* Work request *
From the entries below, copy exactly the lines from the one that contains "PARADISO DELLA FRAGOLA, Kit" through the one that contains "Caligrafía coreana que", both included, and only those.

* Record set *
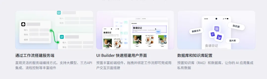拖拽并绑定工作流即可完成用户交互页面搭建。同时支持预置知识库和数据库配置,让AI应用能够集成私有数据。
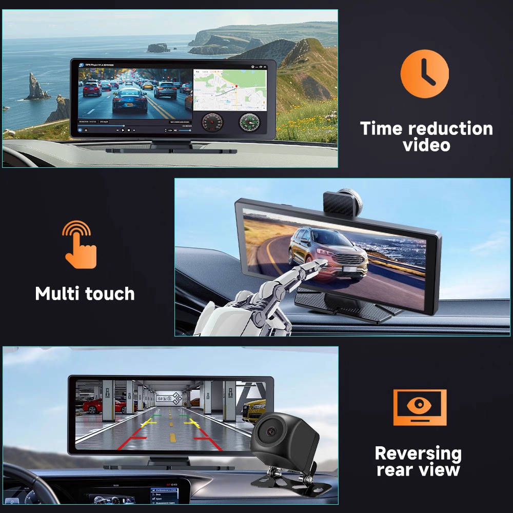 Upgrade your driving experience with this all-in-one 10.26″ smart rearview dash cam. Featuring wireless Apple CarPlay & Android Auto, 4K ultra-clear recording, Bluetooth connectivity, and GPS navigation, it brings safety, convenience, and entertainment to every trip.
...
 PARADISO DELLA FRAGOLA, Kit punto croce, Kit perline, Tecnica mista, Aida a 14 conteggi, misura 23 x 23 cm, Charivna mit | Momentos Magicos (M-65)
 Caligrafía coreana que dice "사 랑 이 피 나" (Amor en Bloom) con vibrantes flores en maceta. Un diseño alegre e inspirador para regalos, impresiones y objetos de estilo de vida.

* Result of the task *
 PARADISO DELLA FRAGOLA, Kit punto croce, Kit perline, Tecnica mista, Aida a 14 conteggi, misura 23 x 23 cm, Charivna mit | Momentos Magicos (M-65)
 Caligrafía coreana que dice "사 랑 이 피 나" (Amor en Bloom) con vibrantes flores en maceta. Un diseño alegre e inspirador para regalos, impresiones y objetos de estilo de vida.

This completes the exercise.